I'm feeling pretty down today. Everything's coming to my mind. All the bad things I mean. I can't stop thinking about Toni's dad, and how Toni must be feeling right now. It's awfull. Good people shouldn't be allowed to die. I can't get used to the idea... I just can't. I bet he doesn't either. Shit. It's too bad to be true..

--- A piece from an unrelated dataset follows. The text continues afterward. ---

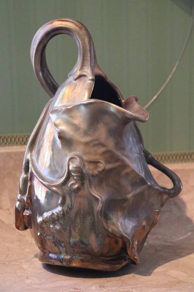 La région Lorraine est réputée pour ses manufactures de céramique. Louis Majorelle collabore avec plusieurs d’entre elles et produit de nombreux objets décoratifs. Ce petit broc en forme de coloquinte produit vers1895 est un exemple de ses collaborations avec la Manufacture Keller et Guérin de Lunéville. L’objet à forte empreinte naturaliste est traité comme une oeuvre d’art. La faïence fine à décor de petit feu présente sur sa face externe un effet métallescent gris, vert et mauve.
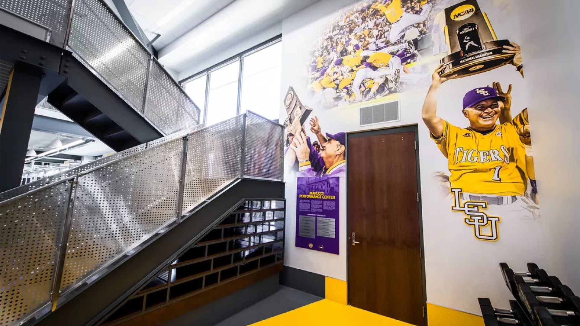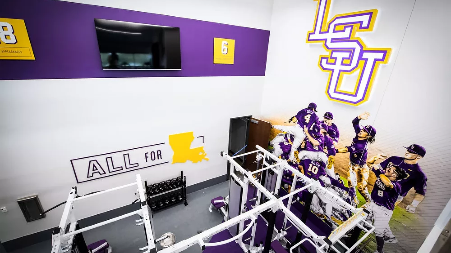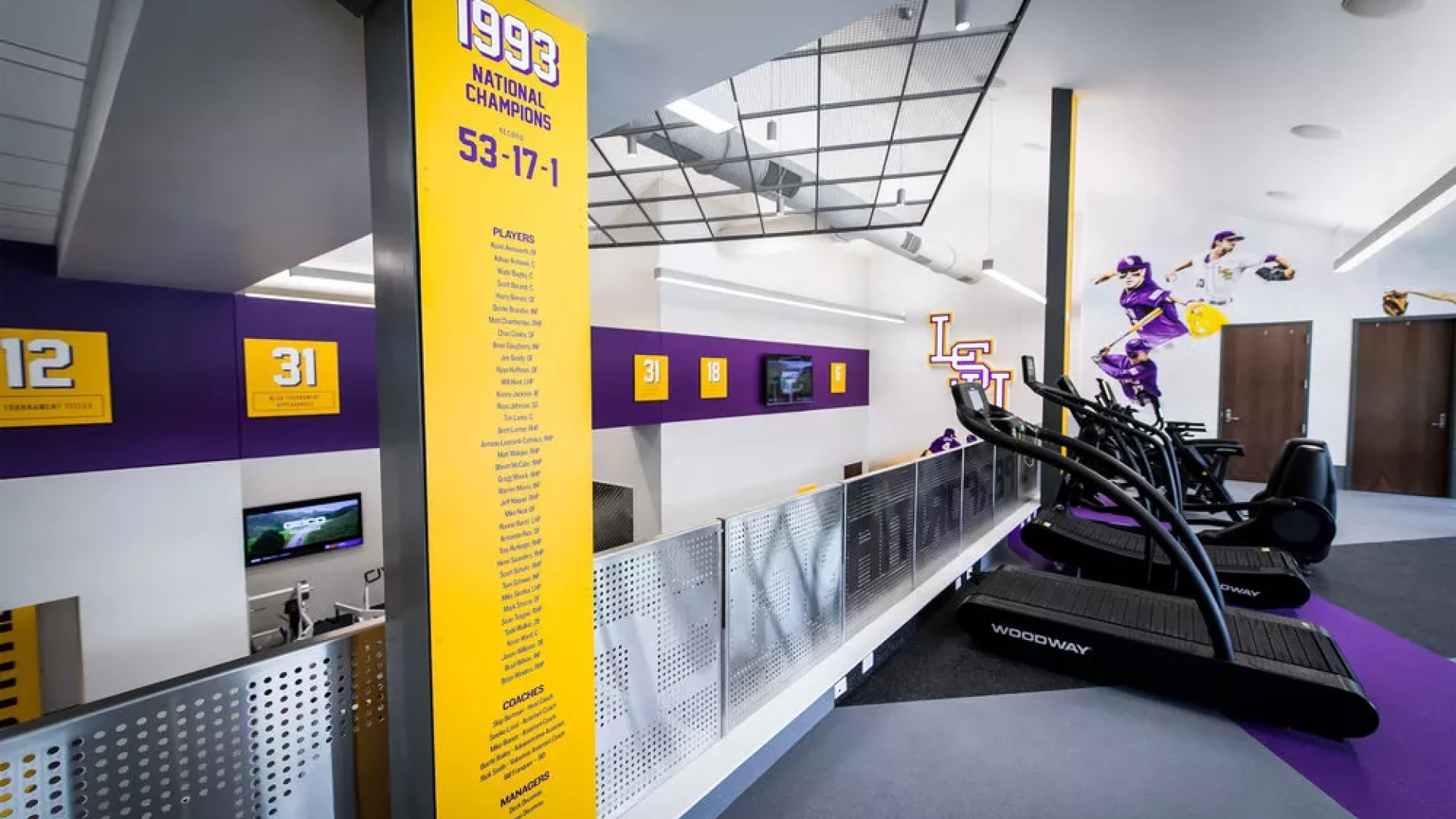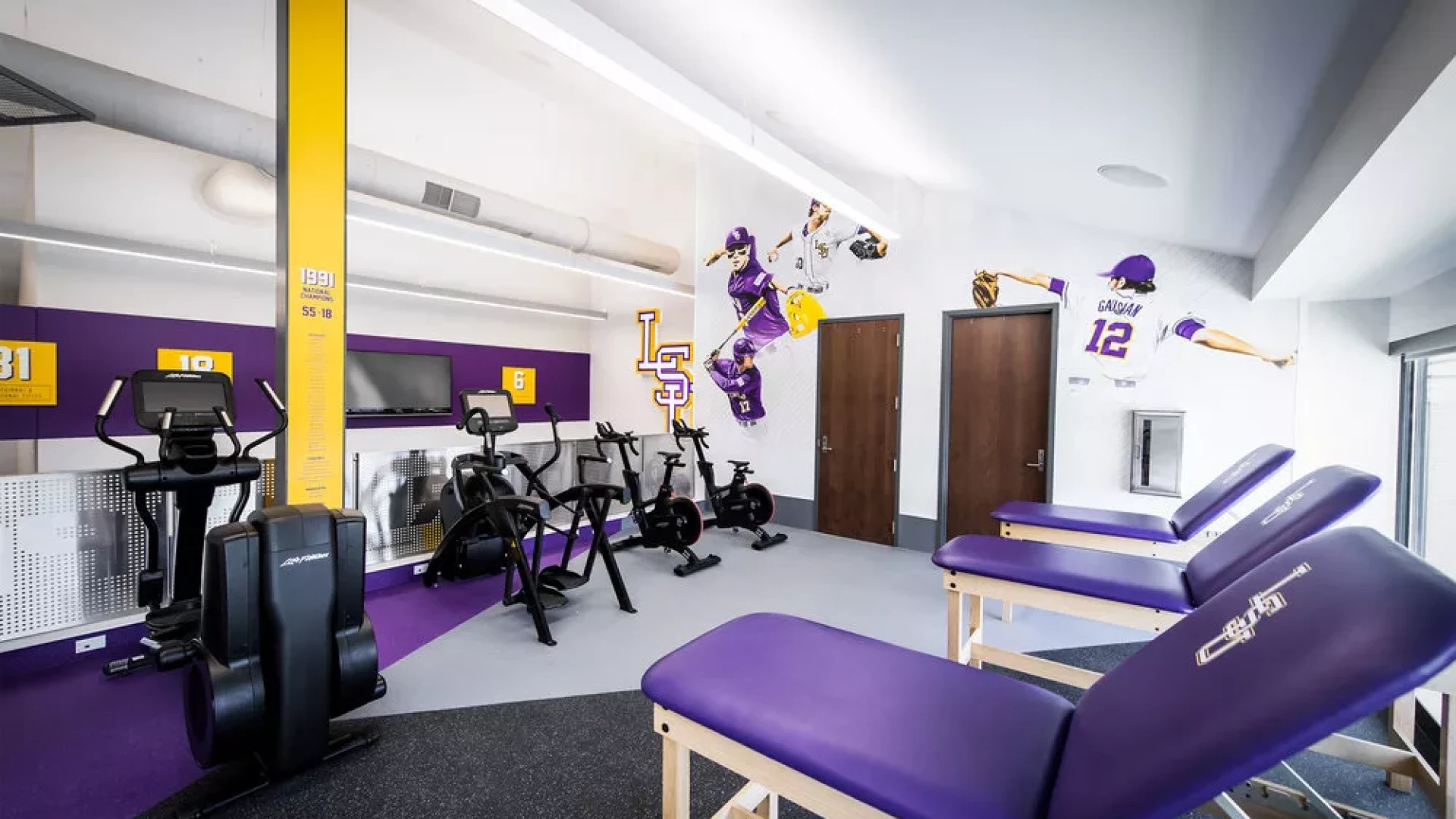Forty Nine Degrees collaborated with LSU and the Tiger Athletic Foundation to create a first class training facility for their legendary baseball program. State-of-the-art graphics and displays enhance the history and rich tradition of LSU Baseball. The 3,500 square foot weight room also includes a large cardio mezzanine, nutritional fueling station for student-athletes and a private locker room for former Tigers to utilize when preparing for MLB spring training.

And it's not only that what I have in mind... I'm nostalgic too. Do you still remember all the good times we had last June? I do, babe. It seemed we'd be best friends forever. It turned out not to be so. I wish I could go back in time even tho that wouldn't change a thing of how're things going now.
I don't know what could've happened. It all simply changed. One day I woke up and you weren't there to make me laugh. Too unexpected to understand.
I'll just keep acting normal, I'll keep being myself. I won't let you know I'm forever changed for what we once had. And don't get me wrong, all we had was the best of friendships. Despite what people may think, despite what you may think. Too bad it didn't last. Too bad it's probably not to ever come back. I'll be here tho, not waiting, but here.

Do you think I should stop listening to The Early November? That might be what's making me sooo emo. It might be cause I'm emo why I'm listening to it. Stupid relativity. You never know which way things go...

Why is it that it hurts so much?? Why can't it go away??